После десятого класса. Под звездами балканскими - Вадим Инфантьев
Шрифт:
Интервал:
Закладка:
Поняв, в чем дело, Петков сказал:
— Мне родина нужна, Болгария, а не ваши деньги.
— Ну, так, брат, не бывает, — развел руками купец и, подумав, предложил: — Пару сотен хватит?
— Хватит, — ответил Никола.
Купец спрятал справку, вынул из бумажника документы сына, отдал Николе и еще сунул двадцатипятирублевку. Таких купюр Петков еще не видывал. Купец пояснил:
— Это задаток. Завтра приду якобы с сынком свидеться, узнаю, что тебя забрили, получишь остальное… — И вдруг, вскипев, тряхнул перед Петковым кулаком — Да смотри, объявишься здесь как мой сынок, свою долю вымогать, мигом найду управу.
Уже войдя в свою роль, Никола спокойно отвел кулак от лица:
— Бросьте ерепениться, папенька. У вас своя доля, у меня своя. А ежели вы завтра навестите меня, то лучше принесите квитанцию о переводе денег моим родителям. Дайте бумажку адрес написать…
— Вот так, ваш скородь, я стал русским солдатом, — закончил свой рассказ Петков.
— Купец сдержал свое слово? — спросил Райчо.

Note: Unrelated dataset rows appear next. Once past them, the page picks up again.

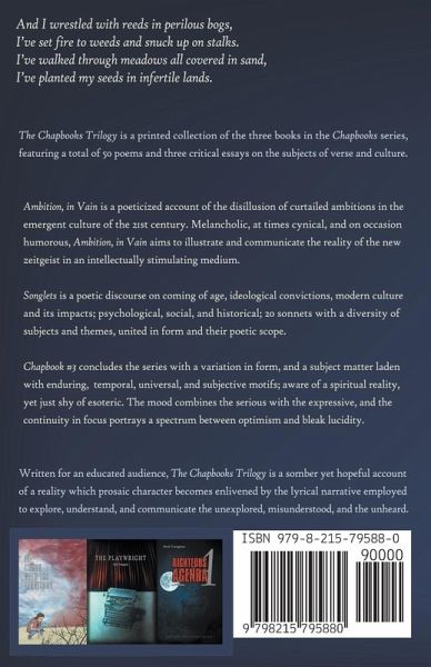 And I wrestled with reeds in perilous bogs, I've set fire to weeds and snuck up on stalks. I've walked through meadows all covered in sand, I've planted my seeds in infertile lands. The Chapbooks Trilogy is a printed collection of the three books in the Chapbooks series, featuring a total of 50 poems and three critical essays on the subjects of verse and culture. Ambition, in Vain is a poeticized account of the disillusion of curtailed ambitions in the emergent culture of the 21st century. Melancholic, at times cynical, and on occasion humorous, Ambition, in Vain aims to illustrate and communicate the reality of the new zeitgeist in an intellectually stimulating medium. Songlets is a poetic discourse on coming of age, ideological convictions, modern culture and its impacts; psychological, social, and historical; 20 sonnets with a diversity of subjects and themes, united in form and their poetic scope. Chapbook #3 concludes the series with a variation in form, and a subject matter laden with enduring, temporal, universal, and subjective motifs; aware of a spiritual reality, yet just shy of esoteric. The mood combines the serious with the expressive, and the continuity in focus portrays a spectrum between optimism and bleak lucidity. Written for an educated audience, The Chapbooks Trilogy is a somber yet hopeful account of a reality which prosaic character becomes enlivened by the lyrical narrative employed to explore, understand, and communicate the unexplored, misunderstood, and the unheard.
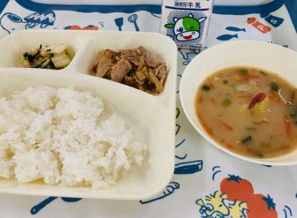 今日の献立は「豚肉のしょうが焼き、さつまいものみそ汁、きくなとはくさいのごまあえ、ごはん、牛乳」でした。
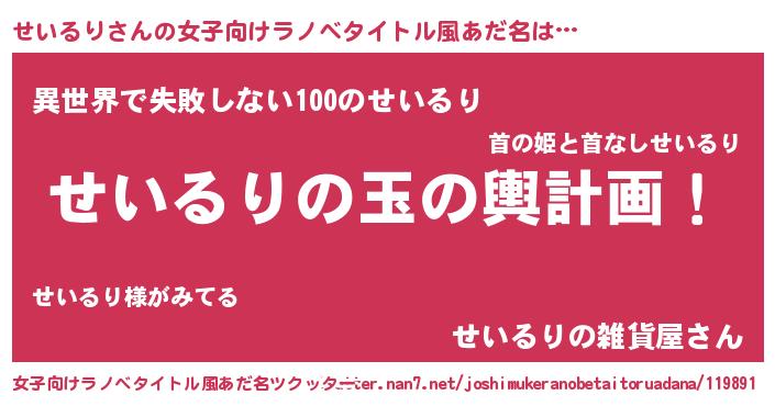 | 男性向けラノベタイトル風あだ名 | 『せいるり~年齢イコール彼女いない歴の魔法使い~』 |
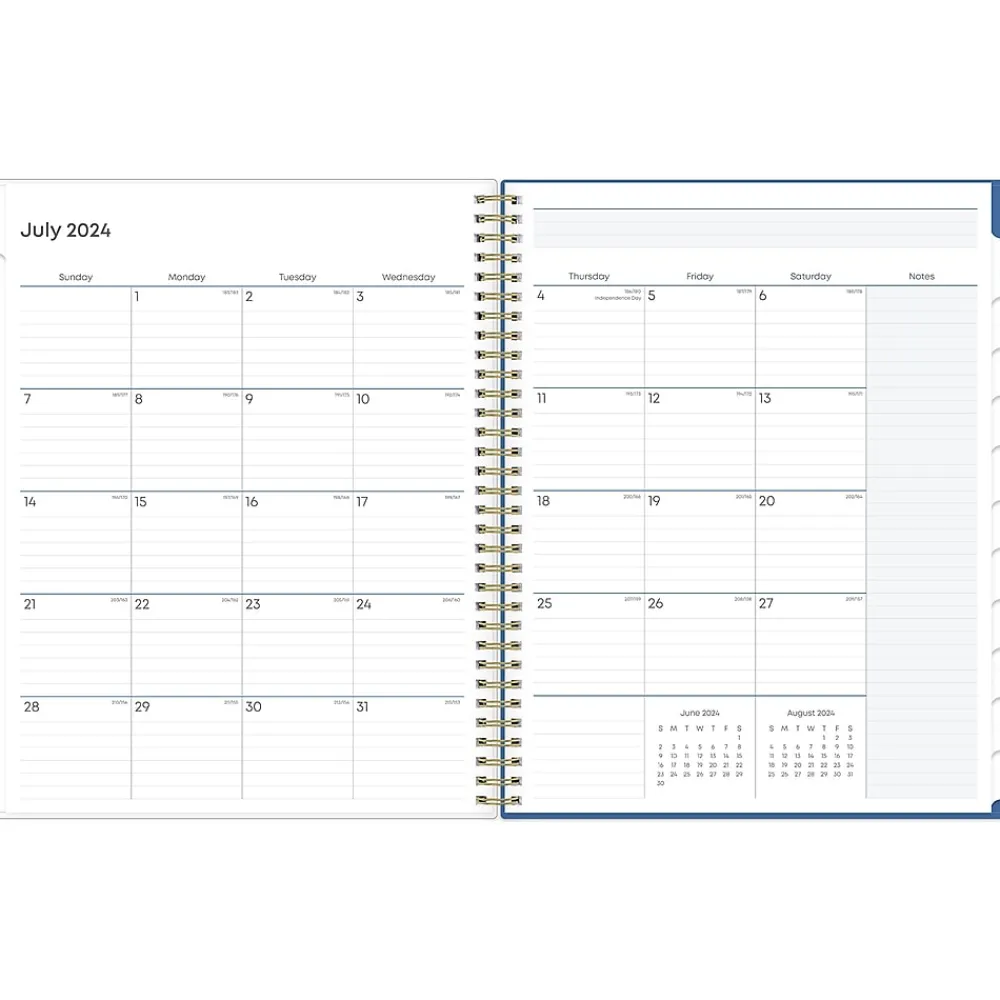 - Offers one month per two pages and one week per two pages, with space for notes and quick reference calendars
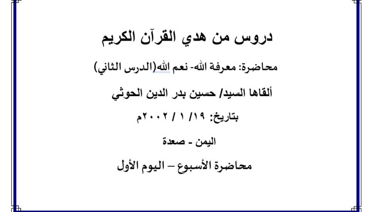 محاضرة: (معرفة الله- نعم الله- الدرس الثاني):من الصفحة ( 1 ) إلى الصفحة ( 4 )
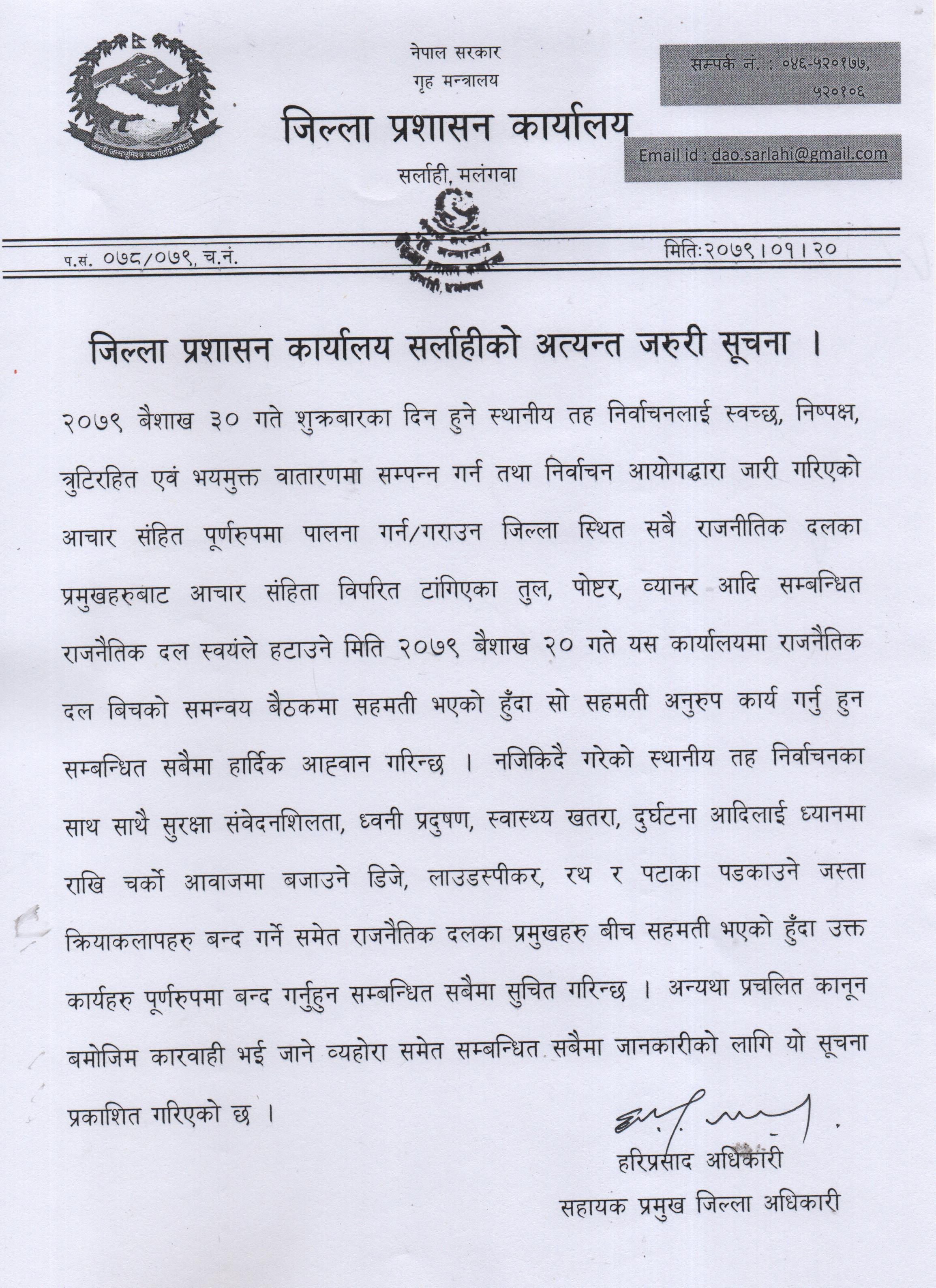 जिल्ला प्रशासन कार्यालय, सर्लाहीको अत्यन्त जरुरी सूचना ।

— Так точно, но не он, а Авдотья Порфирьевна явилась, всех переполошила, ревела как белуга. Хотя сами русские говорят, что белуга — рыба и голоса не имеет. Я жил впроголодь, а тут купчихин приказчик притащил огромную корзину вкусной еды, на всю роту хватило. Купчиха дала квитанцию на три сотни, переведенных моим родителям. Теперь свое хозяйство справят. Я им написал, что иду на войну, а как дальше переписываться — не знаю. Что-нибудь соображу.
— А как потом обратно?
— А нам, ваш скородь, главное туда, а не обратно! — Солдат Пимокатов кивнул в сторону заходящего солнца.
— Да, это так, — задумчиво произнес Райчо, потом спросил: — Ты ведь грамотный, почерк хороший?
— Господин учитель Христо Ботев мною был доволен, пишу четко и по-русски, и, разумеется, по-болгарски.
— Вот что, завтра зайду к вашему начальнику штаба и добьюсь перевода тебя ко мне, на то имею нынче полномочия, добавлю, что знаю твоего папашу, скажу, что мне писарь нужен, а будешь воевать ополченцем.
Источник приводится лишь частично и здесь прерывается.